We want to use HARK for sound localization and separation. HARK is an open-source robot audition software that was invented at Kyoto University. HARK is module-based, which means that we can adapt it to our task, our version of pepper and the microphone we are going to use. Also HARK has a ROS implementation, so that we can connect it to the projects of the other groups.
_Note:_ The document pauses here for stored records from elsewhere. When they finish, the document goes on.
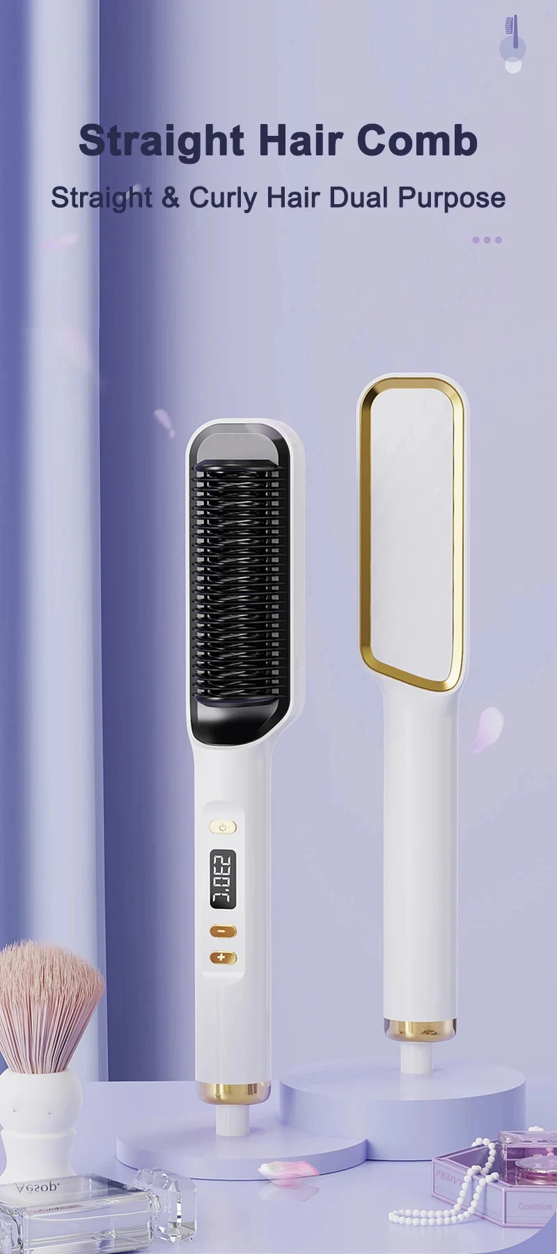 Spazzola lisciante elettrica Pettine caldo Styler per capelli Ioni negativi Anti danno al calore Strumento per lo styling veloce per donne Uomini Viaggi a casa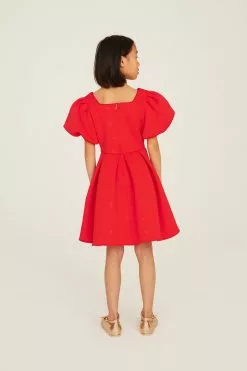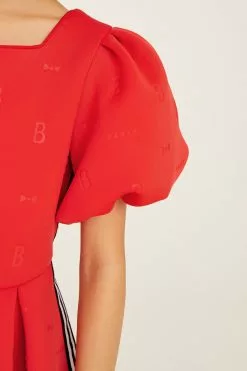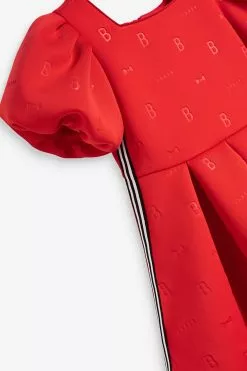 In a gorgeous scuba fabric, this statement-making dress from Baker by Ted Baker is designed with pretty puffball sleeves and signature Baker branding with side tape detailing. Perfect for twirling!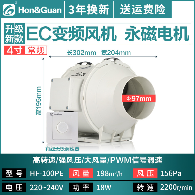 • 4 인치 HF-100PE(3800 rpm) * 무단 속도 조절 스위치 * 주파수 변환 파이프라인 팬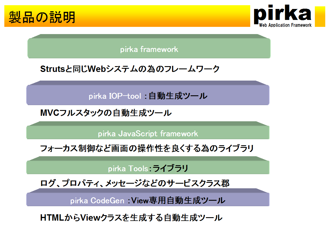 pirkaはWebシステムの開発支援ツールで、幾つかのフレームワークと幾つかの自動生成ツールで構成されています。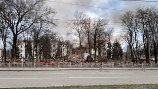 "Las tropas rusas han destruido de manera cínica y deliberada el Teatro Dramático en el corazón de Mariupol. El avión ha lanzado una bomba sobre un edificio en el que se escondían cientos de residentes pacíficos", dijo el Ayuntamiento de la ciudad en su canal de Telegram el mismo día del ataque.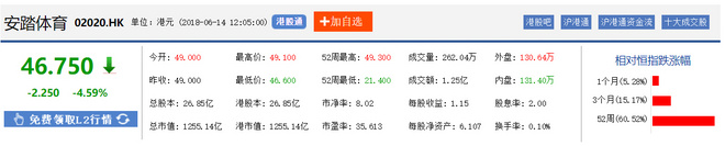 相应地,安踏股价一度冲至49.2港币,涨幅达到1.45%,创下上市以来历史新高,市值已经突破1300亿港币。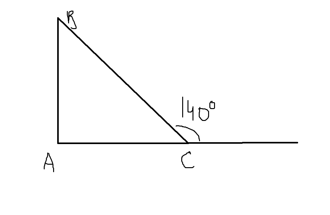 В прямоугольном треугольнике ABC один из внешних углов при вершине равен 140 градусов. Найти внутренние углы треугольника.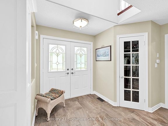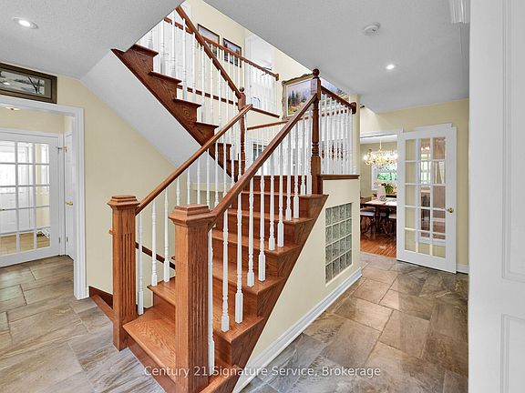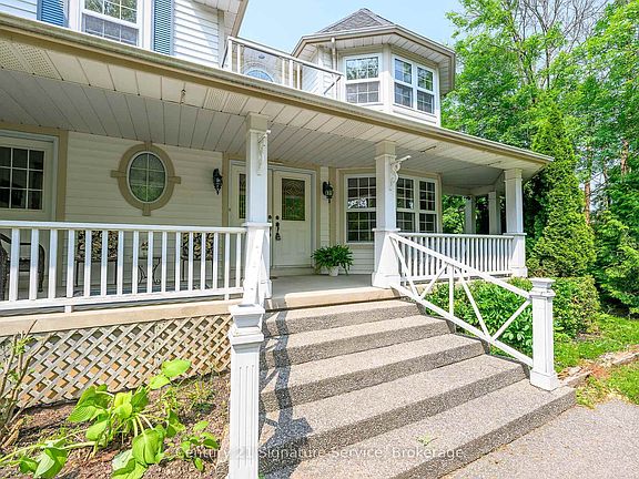 Welcome to an extraordinary opportunity in one of Canadas most sought-after destinations. Seated in the Niagara Escarpment on a 1.55 acre lot, enjoy the tranquility of historic wine country in beautiful Niagara On The Lake. You will be greeted by lush greenery and the tranquil ambience Niagara is known for. This home features 2,731 sq. ft, on main and upper levels with 5 bedrooms, 4 baths, enclosed Sunroom off kitchen, Balcony off Primary and upper hallway, finished Walkout basement to a covered patio area, all on an expansive 400' lot. The back yard is enhanced with a greenhouse for those avid gardners & a lovely sitting area adorned with a Pergola. Total living area of 4,100 sq. ft over three meticulously finished levels, this home exudes character and functionality. Large eat-in kitchen is a chef's delight with SS appliances, Granite counters, double SS sinks, an abundance of counter space and walkout to sunroom. Large dining room with French doors, overlooking view of the sunroom and back yard, perfect for entertaining. Finished lower level with additional bedroom, massive recreation room with gas fireplace, with walkout to patio and expansive back yard with potential IN-LAW SUITE. Gas line for BBQ hookup.This custom home was built by the current owner in 1999 and is the first time being offered for sale. Circular driveway offers parking for multiple cars. Whether you're envisioning your next family home, or a lucrative investment of a thriving B&B, the versatile multi-level floor plan offers private bedrooms and comfortable living areas for both guests and owners. This beautiful home has been meticulously maintained, and is now ready to welcome a new family to make new memories. Porcelain tile in kitchen, hallways, laundry room, and bathroom. Sunroom was enlarged & enclosed when the roof was replaced. Separate water pipes installed, one normal for household and a second pipe to feed water to the 3 external taps in order to bypass, i.e. for water conditioner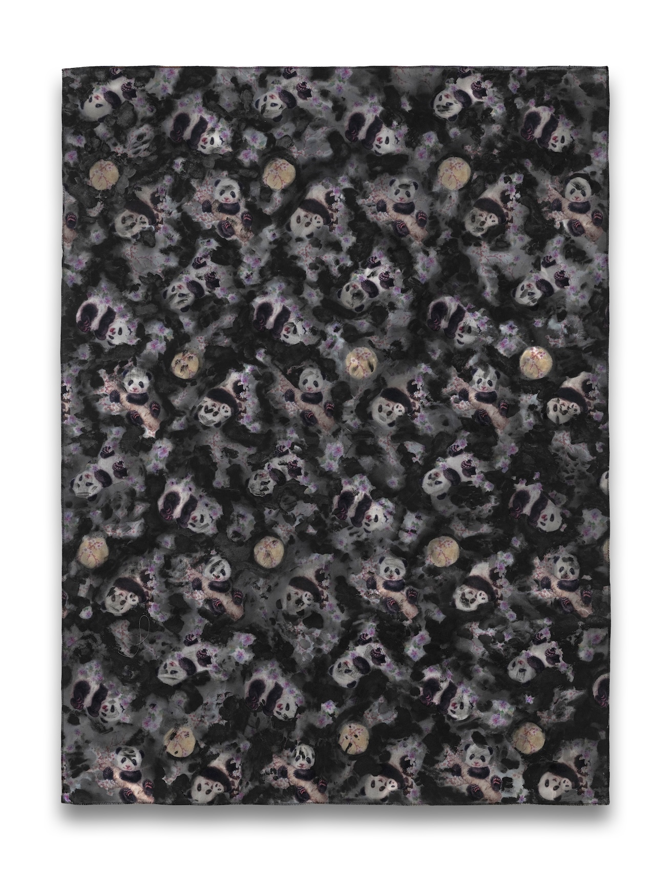 Many of the fabrics that Polat employs in Groundless come from markets – they are industrially manufactured, globally distributed materials, which promise comfort and happiness and thus betray their own emptiness. By sewing, painting over, and darkening them, Polat transforms them into vessels of lived experience. The process of darkening, as the artist says, also involves revealing. In works like O Freedom or Open Visit, overpainted grid patterns recall windows, but also cells – images of isolation, but also of togetherness: every square stands alone, yet is linked in the whole. Other works refer to ecological and economic crises. In Döşemelik, a nearly five-meter-long black-painted ribbon of fabric unfurls from the wall into the room – an image for the sinking of the ground, for the loss of stability and of the basis of our livelihoods. In Kırık, Polat translates the veins of a marbled fabric into dark lines: aridity, cracks, the traces of an earth that threatens to disintegrate. The images of drought, water scarcity, forest fires, and earthquakes stand for a landscape in a state of emergency. A Fall of the Net Bag and Two Handkerchiefs draw upon commonplace materials – shopping nets, handkerchiefs, everyday textiles. They evoke economic inequalities, human intimacy, and crises of supplies. They bear the traces of quiet forms of resistance.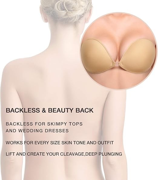 Invisible bra offers the cover and support of a normal bra without unsightly shoulder or back straps, perfect to be worn under backless, halter or evening dresses.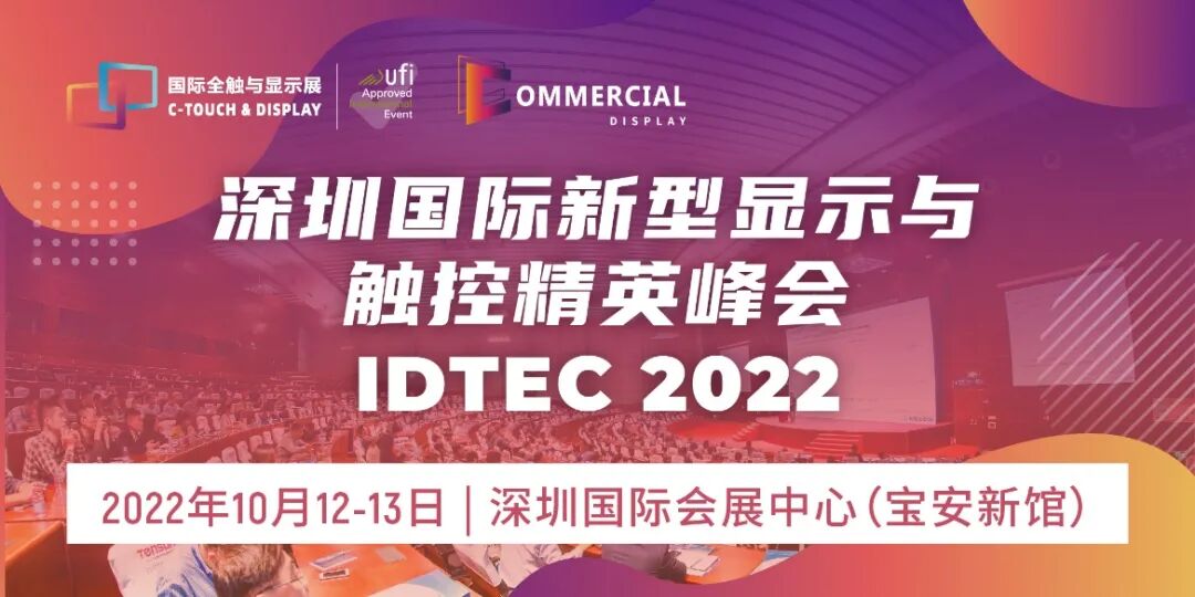 为聚焦前沿技术成果,引领技术和创新应用相结合,励展博览集团联合中国电子视像行业协会公共信息显示分会将于10月12-14日在深圳国际会展中心举办“2022深圳国际新型显示与触控精英分会”(IDTEC 2022)。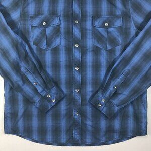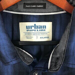 Urban Pipeline Shirt Men's 2XL Blue Black Plaid Button Down Long Sleeve Pockets
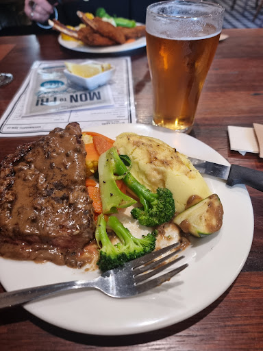 Read moreVery "Home" style type of meal for the price. Ordered a Riverina black Angus steak Medium rare, and it came out medium. Was still very tender though! Paying $40, I would expect the steak to be on point. Veggies were fresh, mash potatoes were great, but sauce was some powdered gloopy mess, with some pickled green peppercorns added to it. Did not do the beautiful, but over cooked steak justice. Very basic service here. My guest had the lamb cutlets, lamb was very tender, but too much oil on the outside. Maybe fryer not turned up to the right temperature?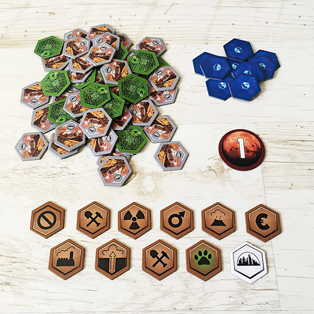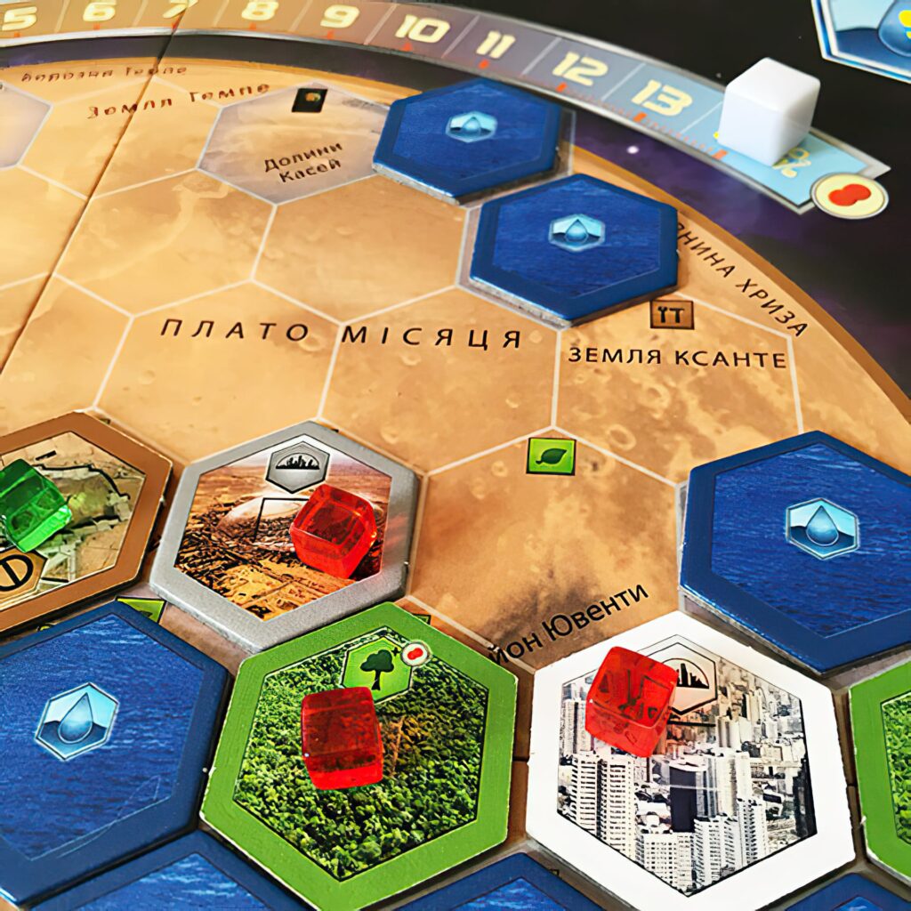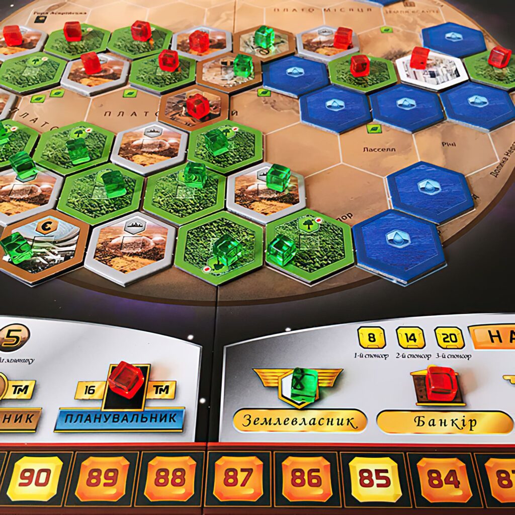 Тераформування Марса – це настільна гра, родзинку якій надає величезне розмаїття різних торгових і виробничих ланцюжків. У комплекті з грою йде більше 200 карт технологій, наукових досягнень, пригод і ресурсів, які можуть взаємодіяти між собою безліччю різних способів. По ходу гри поверхня Марса буде активно видозмінюватися. У колись безкрайній пустелі виростуть дерева, з’являться великі і малі водойми, почне зароджуватися життя.
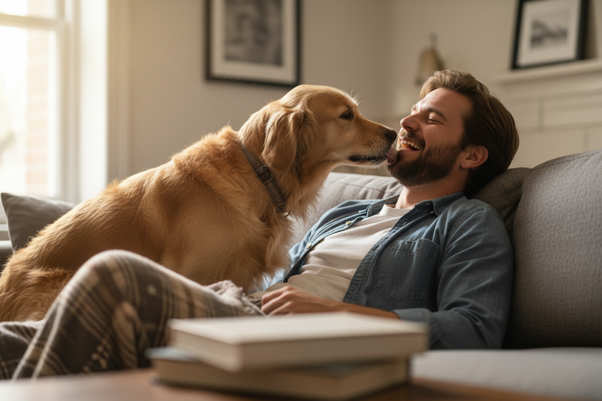 Вылизывание имеет терапевтический эффект не только для человека, но и для самой собаки. Когда питомец нервничает — из-за громких звуков, незнакомой обстановки или разлуки с хозяином — он может начать облизывать всё вокруг, включая людей. Это аутостимуляция, способ успокоиться.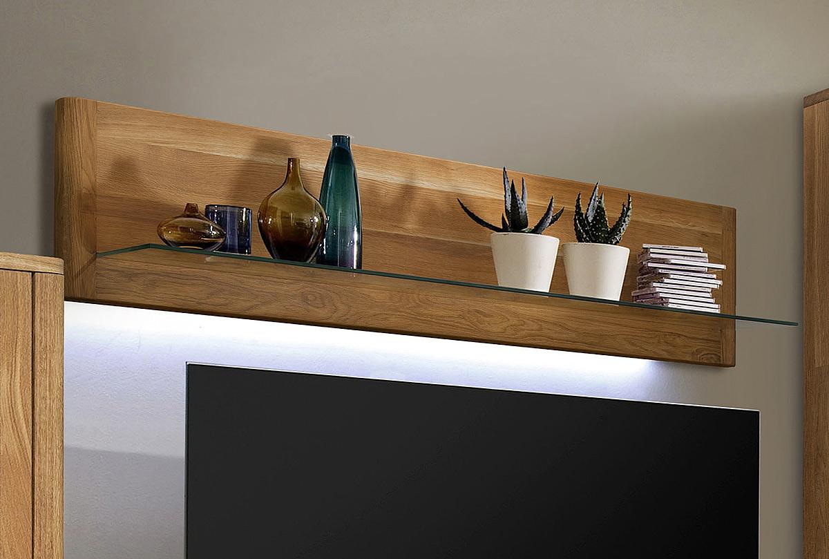 Полка настенная со стеклом «Норд» в цвете «бейц-масло» для квартиры и загородного дома.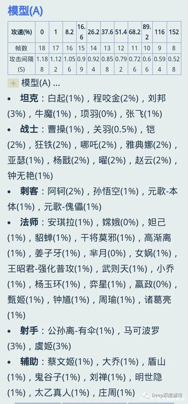 以上就是目前为止王者荣耀所有英雄的攻速模型了,可以从中找到你想要接了的英雄攻速档位以及攻速阈值,如果找了好久也找不到,可以关注小编然后私信,小编会通过私信方式发给你。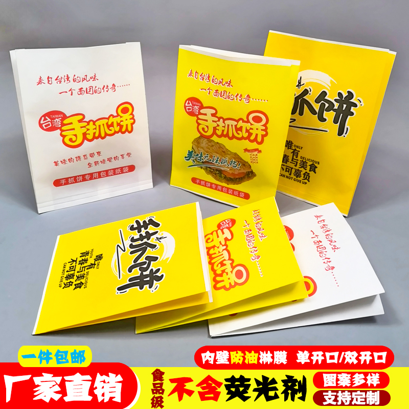台湾手抓饼纸袋定做食品级防油纸袋食品包装纸袋手抓饼袋一件包邮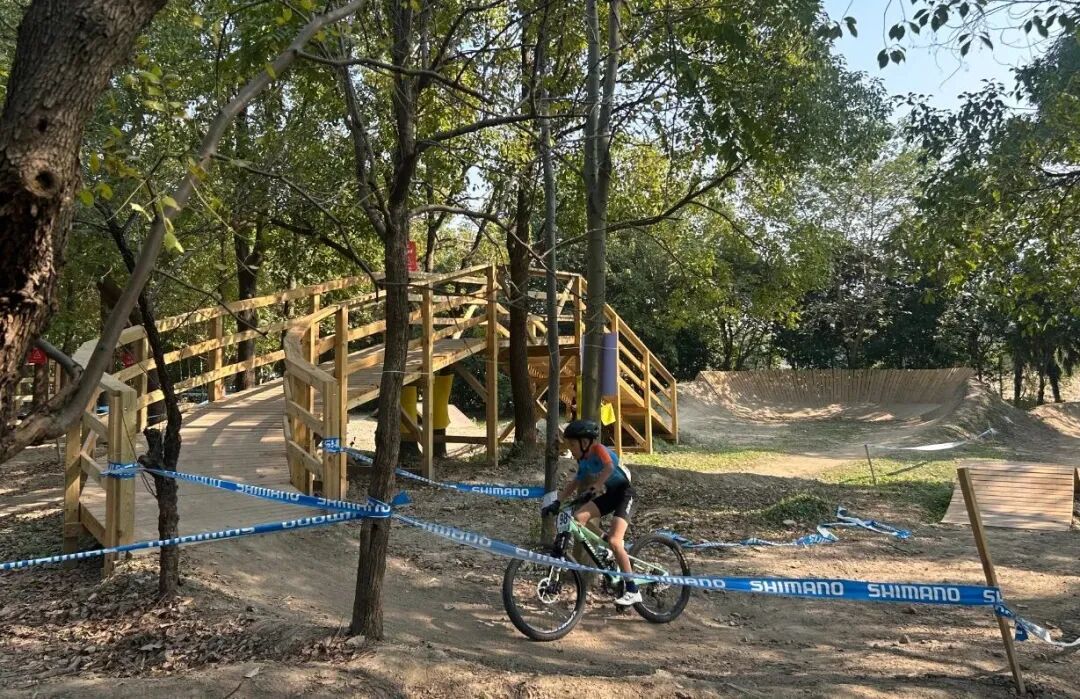 在Park Cycling小镇里,参赛选手精神抖擞、整装待发。随着鸣笛声,大家如离弦之箭冲出起点。此次赛道全长4.5公里,其中新增的木栈道赛段蜿蜒于林间,全长约300米,为选手带来全新体验。

Conversation and Natural Language Processing

We made a basic conversation flow and added some exceptional situations. We started making codes beginning with a situation that Pepper is guessing and an user is making a quiz. To begin with, we decided some features as a clue; color, shape, size, and the beginning letter. (The first clue always should be a color as we have discussed with other subgroups.)

Object Recognition

At first, we will try out computer vision solutions, since it might be the easiest way. If this does not work, we will do some further research on FALKON (https://github.com/rbgirshick/py-faster-rcnn/tree/master/models/pascal_voc/ZF) which is a program for object detection for robots (https://www.youtube.com/watch?v=eT-2v6-xoSs): one simply holds the objects in front of the robot (depth camera included) and moves them around. During this phase the robot learns the object and is able to recognize it later (e.g. in a forced choice situation). Of course this has to be further elaborated: e.g. in such a way that the small detected picture of the recognized object is used as an input to analyze the shape, size and the RGB values of that object. If all the objects have the same distance to Pepper, their sizes can probably be detected via Pepper’s depth camera. Another option would be to use YOLO (You Only Look Once) which is a state-of-the-art, real time object detection system (https://github.com/llSourcell/YOLO_Object_Detection).